Doesn't Pi Agent do exactly this? Assuming "append only" means they do some kind of compaction as well.

hirako2000 2 hours ago |

Good timing given the cost spike across other frontier models.

notjes 2 hours ago | |

Good thing DS just made their discount permanent. https://x.com/deepseek_ai/status/2057854261699195173

theanonymousone 2 hours ago |

Isn't caching a server-side thing? How does the agent affect it, significantly at least?

embedding-shape 2 hours ago | |

Say you put the current time down to the second in the system prompt, which is the message that goes in front of the entire conversation, then basically nothing will be cached, every agent turn needs to ingest the entire session over and over. Contrast to not doing that, and the backend can leverage caching all the way up to the latest message, as nothing until then changed.

esperent 2 hours ago | | |

Surely other agent CLIs are not dumb enough to invalidate cache on every turn over something so obvious?

theanonymousone 57 minutes ago | | |

Yes, of course you can destroy it. But how far can you "improve", beyond decent "common sense" behaviour.

singiamtel 1 hour ago |

I would've liked benchmarks against other harnesses showing the caching performance

Alifatisk 23 minutes ago | |

Is there benchmarks and measurements that offers comparisons between different harnesses?

hmokiguess 44 minutes ago |

Click on the download page, it's hilarious. It has a lot of information about the "smart probe" on the download and it's a realtime probe you can rerun.

That's the pinnacle of AI slop over engineered garbage in my opinion. All of that information is noise.

am17an 46 minutes ago |

This Claude front end skill is now soon to be slop.

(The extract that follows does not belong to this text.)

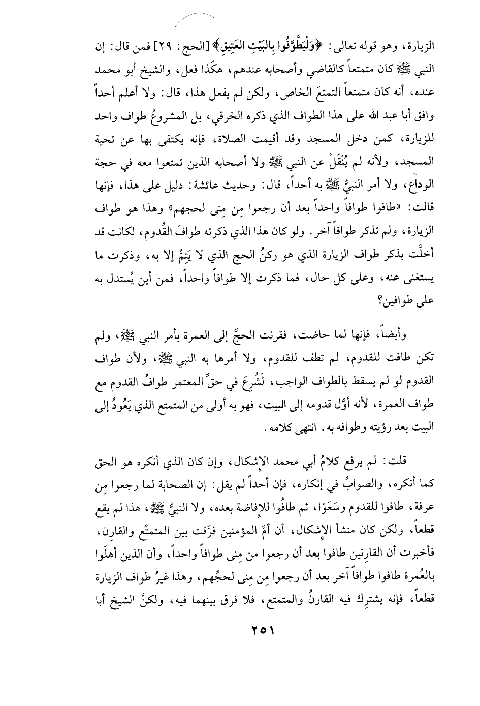 الزِّيَارَةَ وَهُوَ قَوْلُهُ تَعَالَى: {وَلْيَطَّوَّفُوا بِالْبَيْتِ الْعَتِيقِ} [الحج: 29] [الْحَجِّ: 29] فَمَنْ قَالَ: إِنَّ النَّبِيَّ - صَلَّى اللَّهُ عَلَيْهِ وَسَلَّمَ - كَانَ مُتَمَتِّعًا كَالْقَاضِي وَأَصْحَابِهِ عِنْدَهُمْ هَكَذَا فَعَلَ، وَالشَّيْخُ أبو محمد عِنْدَهُ أَنَّهُ كَانَ مُتَمَتِّعًا التَّمَتُّعَ الْخَاصَّ، وَلَكِنْ لَمْ يَفْعَلْ هَذَا، قَالَ: وَلَا أَعْلَمُ أَحَدًا وَافَقَ أبا عبد الله عَلَى هَذَا الطَّوَافِ الَّذِي ذَكَرَهُ الخرقي، بَلِ الْمَشْرُوعُ طَوَافٌ وَاحِدٌ لِلزِّيَارَةِ كَمَنْ دَخَلَ الْمَسْجِدَ، وَقَدْ أُقِيمَتِ الصَّلَاةُ فَإِنَّهُ يَكْتَفِي بِهَا عَنْ تَحِيَّةِ الْمَسْجِدِ، وَلِأَنَّهُ لَمْ يُنْقَلْ عَنِ النَّبِيِّ - صَلَّى اللَّهُ عَلَيْهِ وَسَلَّمَ - وَلَا أَصْحَابِهِ الَّذِينَ تَمَتَّعُوا مَعَهُ فِي حَجَّةِ الْوَدَاعِ، وَلَا أَمَرَ النَّبِيُّ - صَلَّى اللَّهُ عَلَيْهِ وَسَلَّمَ - بِهِ أَحَدًا، قَالَ: وَحَدِيثُ عائشة دَلِيلٌ عَلَى هَذَا، فَإِنَّهَا قَالَتْ: " طَافُوا طَوَافًا وَاحِدًا بَعْدَ أَنْ رَجَعُوا مِنْ مِنًى؛ لِحَجِّهِمْ " وَهَذَا هُوَ طَوَافُ الزِّيَارَةِ وَلَمْ تَذْكُرْ طَوَافًا آخَرَ. وَلَوْ كَانَ هَذَا الَّذِي ذَكَرَتْهُ طَوَافَ الْقُدُومِ، لَكَانَتْ قَدْ أَخَلَّتْ بِذِكْرِ طَوَافِ الزِّيَارَةِ الَّذِي هُوَ رُكْنُ الْحَجِّ الَّذِي لَا يَتِمُّ إِلَّا بِهِ، وَذَكَرَتْ مَا يُسْتَغْنَى عَنْهُ، وَعَلَى كُلِّ حَالٍ فَمَا ذَكَرَتْ إِلَّا طَوَافًا وَاحِدًا، فَمِنْ أَيْنَ يُسْتَدَلُّ بِهِ عَلَى طَوَافَيْنِ؟

ricardobeat 43 minutes ago | |

Already is. Every new website looks exactly the same.

quotemstr 1 hour ago |

> no reordering, no marker-based compaction

Is this really the behavior you want? Yes, doing tool-result clearing and such will blow your cache, but if you do it only occasionally, it's still likely a win. Yes, cache hits are good, but not so good that it's okay to be profligate with context to preserve those precious, precious KVs.

sergiotapia 2 hours ago |

What AI model did you use for the website design? This is the second one I see with the exact same font and color scheme. Just curious because Claude models lean towards purples for example. Thank you!

pcwelder 1 hour ago | |

Opus 4.7 selects such palette and motifs by default. Might even be first iteration of claude design.

franga2000 2 hours ago | |

This design still screams Claude to me, but a newer version than what you're thinking of. At some point they added a markdown file that tells it to use obviously AI designs like lots of blue/purple and gradients. Since then, this is its new style.

sheepscreek 2 hours ago | |

DeepSeek v4 perhaps?

FergusArgyll 1 hour ago | |

Frontend design skill by Anthropic specifically says not to use purple. I'd be surprised if it still uses purple. Have you seen that recently?

canadiantim 2 hours ago |

So what's best low cost coding agent these days? Kimi 2.6? Qwen's latest closed model? Composer 2.5? DeepSeek?